- EXERCISE PROMPT: Would you output all the lines below precisely as they stand, leaving each picture out?

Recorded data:

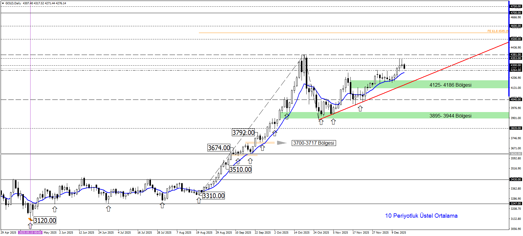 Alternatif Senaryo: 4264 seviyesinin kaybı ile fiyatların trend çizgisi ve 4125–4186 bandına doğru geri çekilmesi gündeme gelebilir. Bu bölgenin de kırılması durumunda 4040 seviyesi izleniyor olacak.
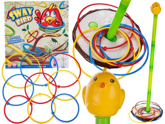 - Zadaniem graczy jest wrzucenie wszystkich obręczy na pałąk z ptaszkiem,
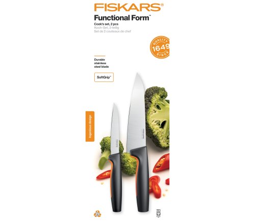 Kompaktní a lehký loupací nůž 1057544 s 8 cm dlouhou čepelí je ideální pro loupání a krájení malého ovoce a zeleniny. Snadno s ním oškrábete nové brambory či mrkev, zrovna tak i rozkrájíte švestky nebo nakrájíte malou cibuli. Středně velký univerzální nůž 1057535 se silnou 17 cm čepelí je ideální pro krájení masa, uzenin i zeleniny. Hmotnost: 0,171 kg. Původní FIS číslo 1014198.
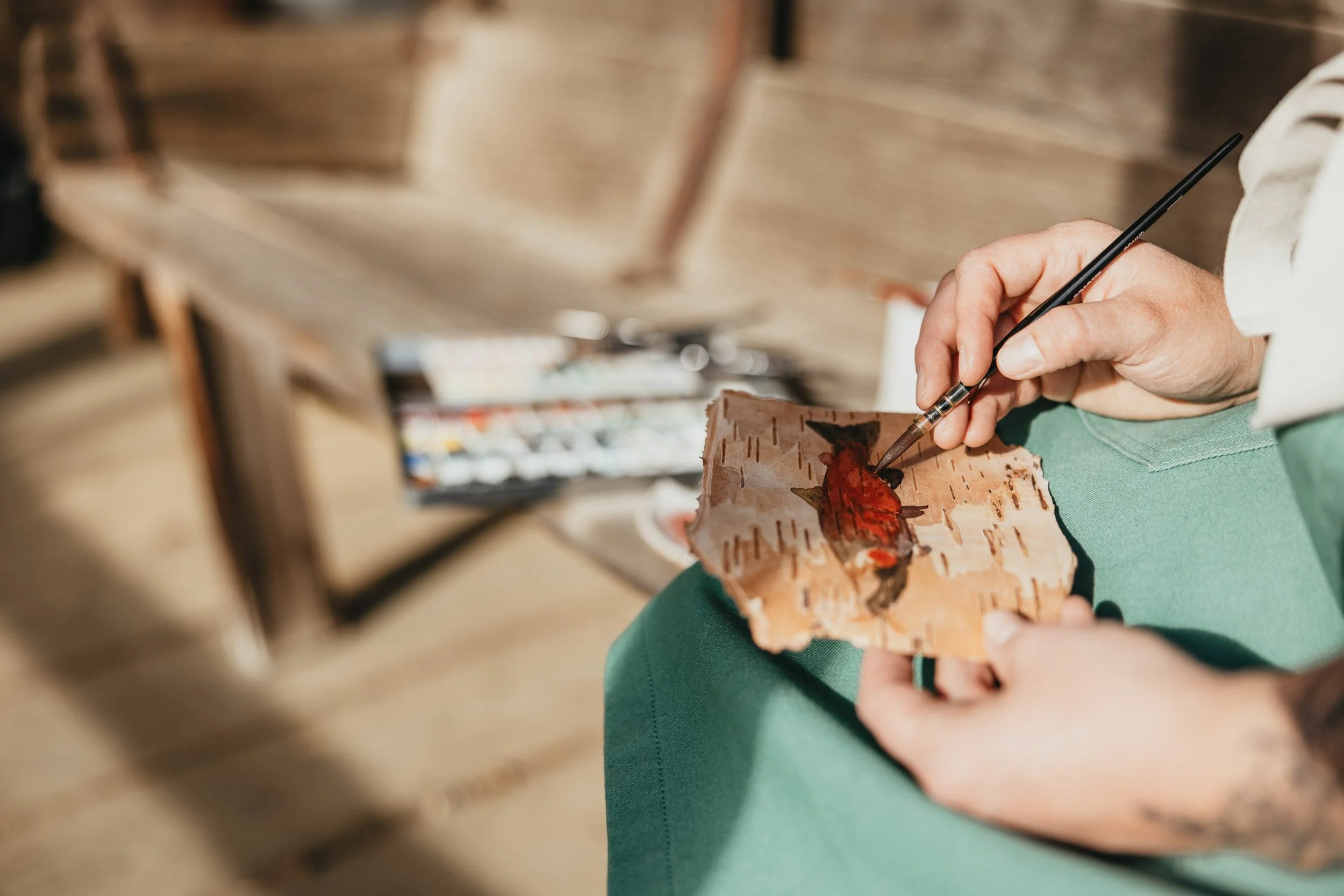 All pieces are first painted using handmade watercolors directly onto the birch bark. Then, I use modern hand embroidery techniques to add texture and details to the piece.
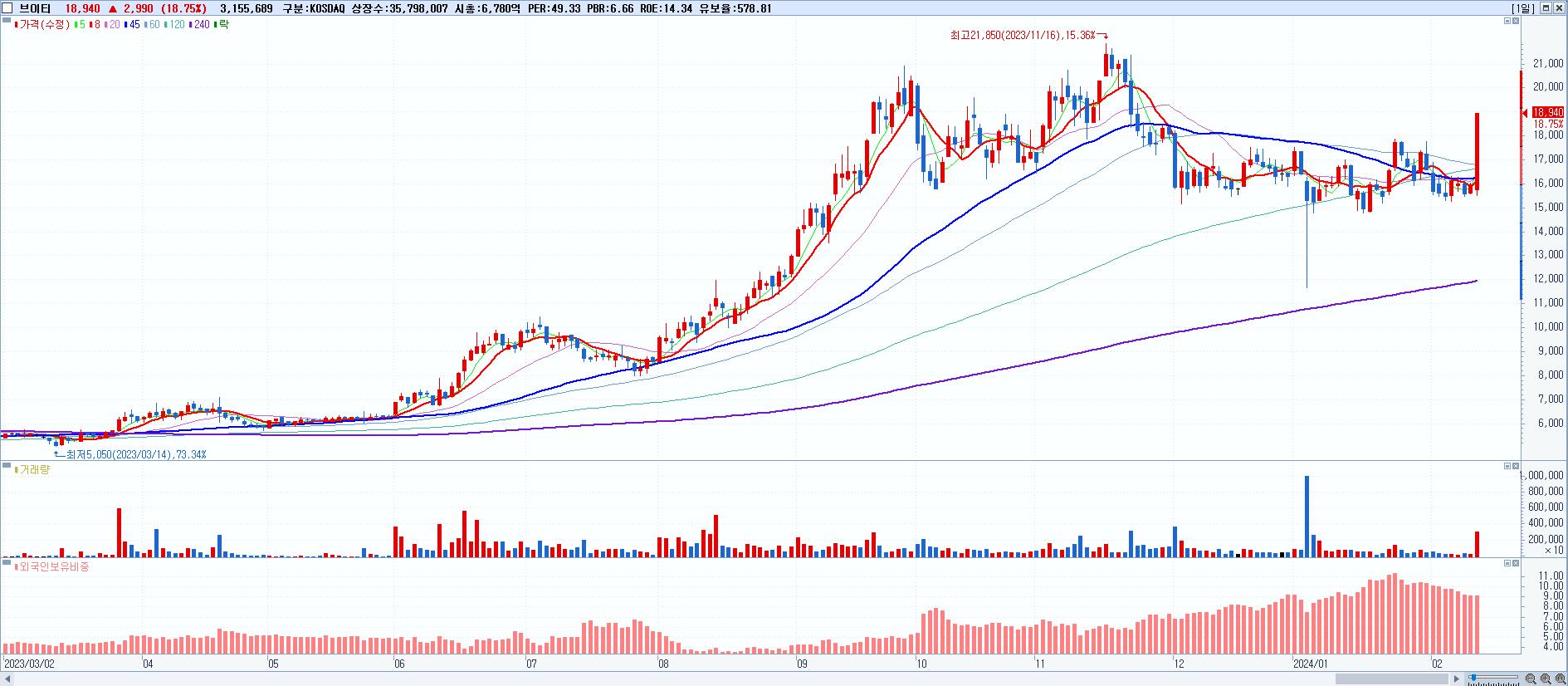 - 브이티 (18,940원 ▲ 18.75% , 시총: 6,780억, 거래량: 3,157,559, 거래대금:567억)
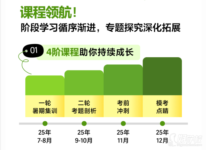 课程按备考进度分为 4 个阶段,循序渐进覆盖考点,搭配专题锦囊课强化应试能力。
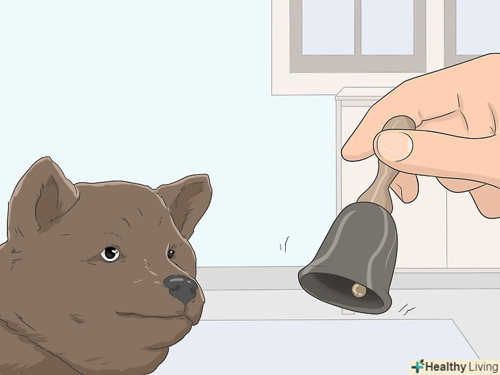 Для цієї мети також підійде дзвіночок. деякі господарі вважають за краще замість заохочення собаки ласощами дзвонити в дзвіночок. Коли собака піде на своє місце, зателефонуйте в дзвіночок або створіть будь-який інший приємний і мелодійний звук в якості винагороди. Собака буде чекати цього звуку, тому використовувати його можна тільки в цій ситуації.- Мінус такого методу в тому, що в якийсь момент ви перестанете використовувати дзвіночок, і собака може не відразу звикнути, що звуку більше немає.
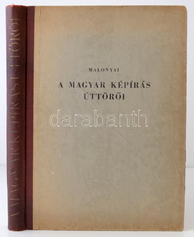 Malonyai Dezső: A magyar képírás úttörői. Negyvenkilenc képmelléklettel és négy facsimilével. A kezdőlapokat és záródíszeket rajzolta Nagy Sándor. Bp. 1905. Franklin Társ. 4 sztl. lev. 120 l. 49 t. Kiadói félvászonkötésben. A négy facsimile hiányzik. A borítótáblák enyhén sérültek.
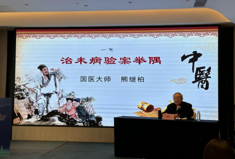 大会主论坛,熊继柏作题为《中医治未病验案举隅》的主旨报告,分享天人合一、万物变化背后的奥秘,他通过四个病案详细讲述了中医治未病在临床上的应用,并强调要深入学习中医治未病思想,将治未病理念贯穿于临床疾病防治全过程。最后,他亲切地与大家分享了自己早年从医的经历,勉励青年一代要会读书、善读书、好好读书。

- SOLUTION TO THIS PROBLEM:
 Alternatif Senaryo: 4264 seviyesinin kaybı ile fiyatların trend çizgisi ve 4125–4186 bandına doğru geri çekilmesi gündeme gelebilir. Bu bölgenin de kırılması durumunda 4040 seviyesi izleniyor olacak.
 - Zadaniem graczy jest wrzucenie wszystkich obręczy na pałąk z ptaszkiem,
 Kompaktní a lehký loupací nůž 1057544 s 8 cm dlouhou čepelí je ideální pro loupání a krájení malého ovoce a zeleniny. Snadno s ním oškrábete nové brambory či mrkev, zrovna tak i rozkrájíte švestky nebo nakrájíte malou cibuli. Středně velký univerzální nůž 1057535 se silnou 17 cm čepelí je ideální pro krájení masa, uzenin i zeleniny. Hmotnost: 0,171 kg. Původní FIS číslo 1014198.
 All pieces are first painted using handmade watercolors directly onto the birch bark. Then, I use modern hand embroidery techniques to add texture and details to the piece.
 - 브이티 (18,940원 ▲ 18.75% , 시총: 6,780억, 거래량: 3,157,559, 거래대금:567억)
 课程按备考进度分为 4 个阶段,循序渐进覆盖考点,搭配专题锦囊课强化应试能力。
 Для цієї мети також підійде дзвіночок. деякі господарі вважають за краще замість заохочення собаки ласощами дзвонити в дзвіночок. Коли собака піде на своє місце, зателефонуйте в дзвіночок або створіть будь-який інший приємний і мелодійний звук в якості винагороди. Собака буде чекати цього звуку, тому використовувати його можна тільки в цій ситуації.- Мінус такого методу в тому, що в якийсь момент ви перестанете використовувати дзвіночок, і собака може не відразу звикнути, що звуку більше немає.
 Malonyai Dezső: A magyar képírás úttörői. Negyvenkilenc képmelléklettel és négy facsimilével. A kezdőlapokat és záródíszeket rajzolta Nagy Sándor. Bp. 1905. Franklin Társ. 4 sztl. lev. 120 l. 49 t. Kiadói félvászonkötésben. A négy facsimile hiányzik. A borítótáblák enyhén sérültek.
 大会主论坛,熊继柏作题为《中医治未病验案举隅》的主旨报告,分享天人合一、万物变化背后的奥秘,他通过四个病案详细讲述了中医治未病在临床上的应用,并强调要深入学习中医治未病思想,将治未病理念贯穿于临床疾病防治全过程。最后,他亲切地与大家分享了自己早年从医的经历,勉励青年一代要会读书、善读书、好好读书。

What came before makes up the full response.